# Raw Eating Variety Advice



## homemadehitshow (Jul 8, 2015)

Looking for some advice on adding some variety. Teddy is 13month old spoo. He loves to eat raw chicken pieces with bone and would happily eat them every day (and usually does). However he's not so keen on other kinds of raw meat, he doesn't really like to eat ground beef, tripe or beef pieces. He will eat cooked beef, Liver and turkey that we make for our other dogs.

Any suggestion on adding some variety. It's not very easy to get items where I live.

Thanks.


----------



## nifty (Aug 2, 2013)

Does Teddy like fish? You could try topping some raw beef/tripe with a couple of whole canned mackerel or sardines (packed in spring water) to help him enjoy the beef more. Cottage cheese, yogurt and even just a squirt of fish oil from a capsule can make the difference for Dulcie if she isn't really a fan of whatever is on the menu today.
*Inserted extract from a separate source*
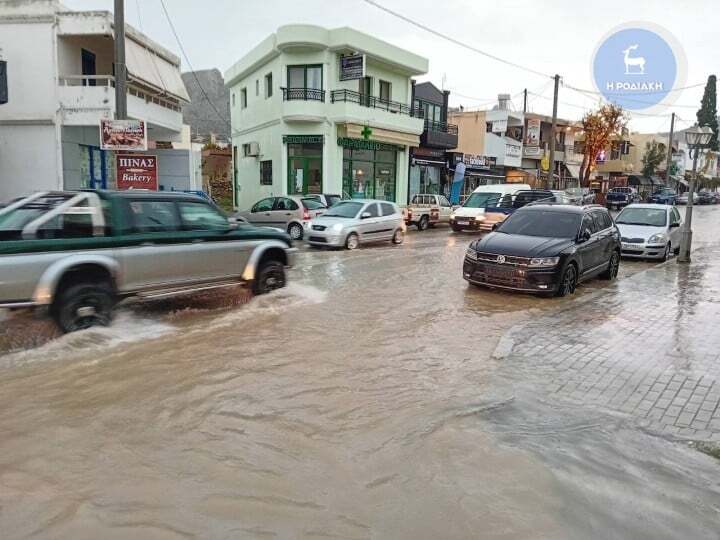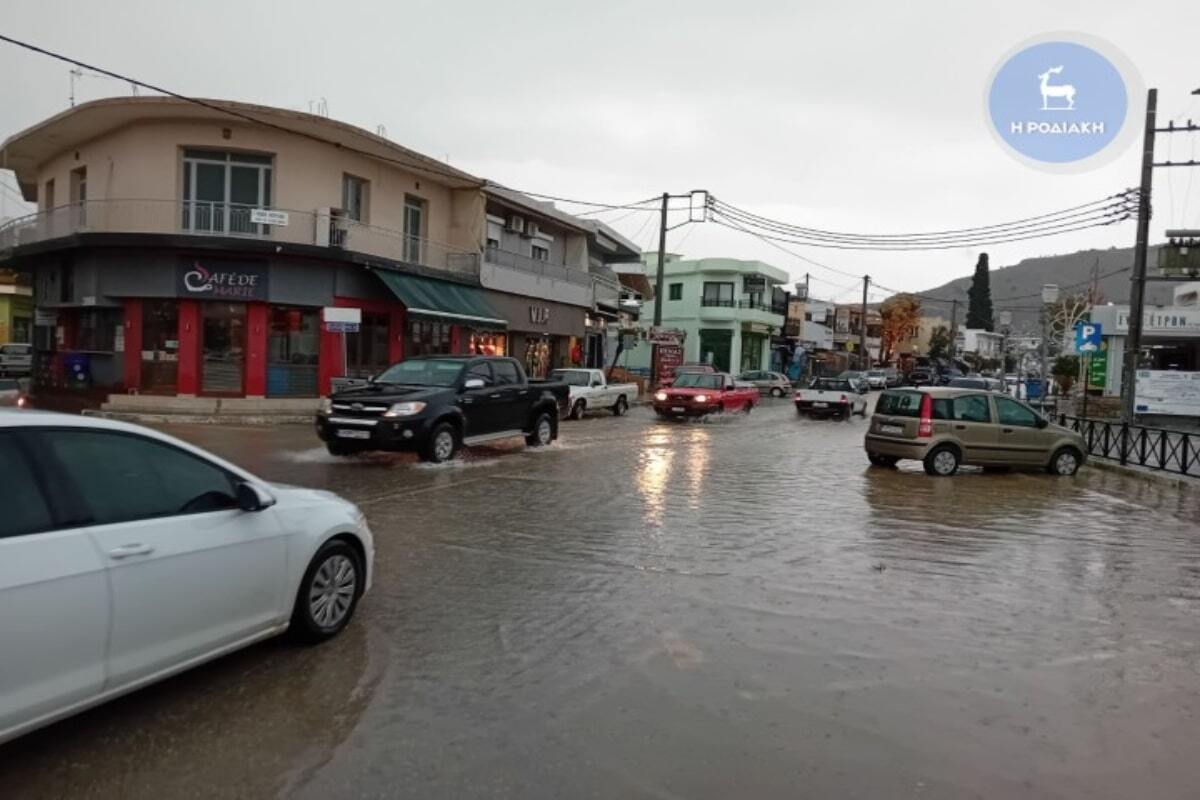 Κεντρικοί οδοί και δρόμοι πλημμύρισαν, με το πρόβλημα από την κακοκαιρία να εστιάζεται στο οδικό δίκτυο της Λίνδου και στην περιοχή του Αρχαγγέλλου.

Might work for Teddy, too!

Pork baby back ribs are another thing that might be easier to find and many dogs enjoy. The ribs are mostly cartilage and therefore edible. If you can find turkey parts (wings, thighs, backs, necks) those are often eagerly enjoyed. 
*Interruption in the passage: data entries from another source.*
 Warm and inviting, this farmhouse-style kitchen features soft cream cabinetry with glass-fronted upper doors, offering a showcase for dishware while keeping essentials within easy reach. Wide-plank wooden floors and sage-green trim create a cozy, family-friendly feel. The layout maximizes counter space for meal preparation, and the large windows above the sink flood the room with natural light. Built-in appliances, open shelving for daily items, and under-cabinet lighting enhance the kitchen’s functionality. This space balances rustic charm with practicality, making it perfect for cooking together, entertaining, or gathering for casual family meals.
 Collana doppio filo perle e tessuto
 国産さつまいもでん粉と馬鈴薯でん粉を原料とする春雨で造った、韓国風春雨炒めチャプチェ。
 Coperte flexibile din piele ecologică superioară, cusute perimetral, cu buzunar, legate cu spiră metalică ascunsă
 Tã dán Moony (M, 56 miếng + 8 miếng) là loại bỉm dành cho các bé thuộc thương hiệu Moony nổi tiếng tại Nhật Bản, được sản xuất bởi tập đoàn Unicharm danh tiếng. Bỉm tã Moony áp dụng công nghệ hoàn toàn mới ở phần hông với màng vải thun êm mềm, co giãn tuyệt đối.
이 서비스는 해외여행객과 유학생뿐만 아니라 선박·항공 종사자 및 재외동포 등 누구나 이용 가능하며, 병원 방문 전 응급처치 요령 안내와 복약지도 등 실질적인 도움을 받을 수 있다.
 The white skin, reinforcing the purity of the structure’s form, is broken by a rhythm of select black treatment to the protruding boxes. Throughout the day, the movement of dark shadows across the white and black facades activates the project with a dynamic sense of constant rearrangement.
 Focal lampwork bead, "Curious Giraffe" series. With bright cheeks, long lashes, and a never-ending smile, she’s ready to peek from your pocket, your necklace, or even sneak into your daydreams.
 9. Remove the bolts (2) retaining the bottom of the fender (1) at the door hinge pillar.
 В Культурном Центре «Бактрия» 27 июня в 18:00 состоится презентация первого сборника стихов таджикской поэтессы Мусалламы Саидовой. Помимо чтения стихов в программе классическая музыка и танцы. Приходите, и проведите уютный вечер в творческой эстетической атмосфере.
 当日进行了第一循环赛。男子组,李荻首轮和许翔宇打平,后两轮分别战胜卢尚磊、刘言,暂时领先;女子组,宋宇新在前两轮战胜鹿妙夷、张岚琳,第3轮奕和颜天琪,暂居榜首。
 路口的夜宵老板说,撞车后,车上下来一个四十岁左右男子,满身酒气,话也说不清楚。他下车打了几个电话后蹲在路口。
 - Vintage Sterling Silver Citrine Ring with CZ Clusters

Whole fish from the grocer is another possibility -- check to make sure the type of fish you buy is safe for dogs. Some have to be frozen first for awhile. When I give Dulcie frozen fish, I just leave it almost completely frozen. It prolongs her eating enjoyment!

Good luck!


----------



## homemadehitshow (Jul 8, 2015)

He doesn't seem like a big fan of fish.

He does eat beef ribs quite happily but is less happy with, expensive anyway, meat cuts.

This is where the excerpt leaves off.